The Best Electric Vehicle Stock to Buy After the Ford/Rivian Takeover

On April 24, Ford Motor Co. (NYSE: F) announced its plans to invest $500 million into Michigan-based electric truck manufacturer Rivian. The Ford/Rivian takeover is another sign legacy car manufacturers are quietly leading the pack on electric vehicles (EVs). In fact, it’s a trend creating a profit opportunity for savvy retail investors looking for the best electric vehicle stocks to buy

Back in September 2018, we told you about Toyota Motor Corp.’s (NYSE: TM) complete domination of patents on electric and hybrid vehicles. Since Money Morning recommended the company over Tesla, its share prices have jumped roughly 12% as it continues to lead the pack in the EV market.

Now, Ford’s buyout of Rivian is just another step in Ford’s already $11 billion investment in developing a lineup of EVs.

And the next company following this trend is an opportunity for retail investors to more than double their money.

But before we reveal this money-doubling stock, let’s dig into why the Ford/Rivian takeover is such a big deal.

What the Ford/Rivian Takeover Means for the Electric Vehicle Market

Ford already has EV versions of the Mustang and F-150 (which is the best-selling vehicle in the United States) in the works. The company’s investment in Rivian will only accelerate its efforts to create a diverse portfolio of EVs.

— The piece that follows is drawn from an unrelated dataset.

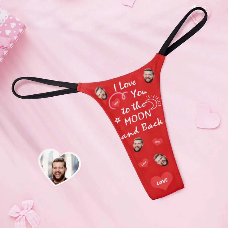 Custom Face Women's Tanga Thong I Love You To The Moon And Back Valentine's Day Gift

Rivian, founded in 2009 by RJ Scaringe, revealed its battery-powered SUV and truck at the Los Angeles Auto Show in November 2018. Since then, Amazon.com Inc. (NASDAQ: AMZN) has invested $700 million into the company to develop an electric delivery vehicle. What’s made Rivian such a compelling company is its vehicle’s skateboard-like platform that’s incredibly flexible for increased cargo space – something fleet owners desperately require.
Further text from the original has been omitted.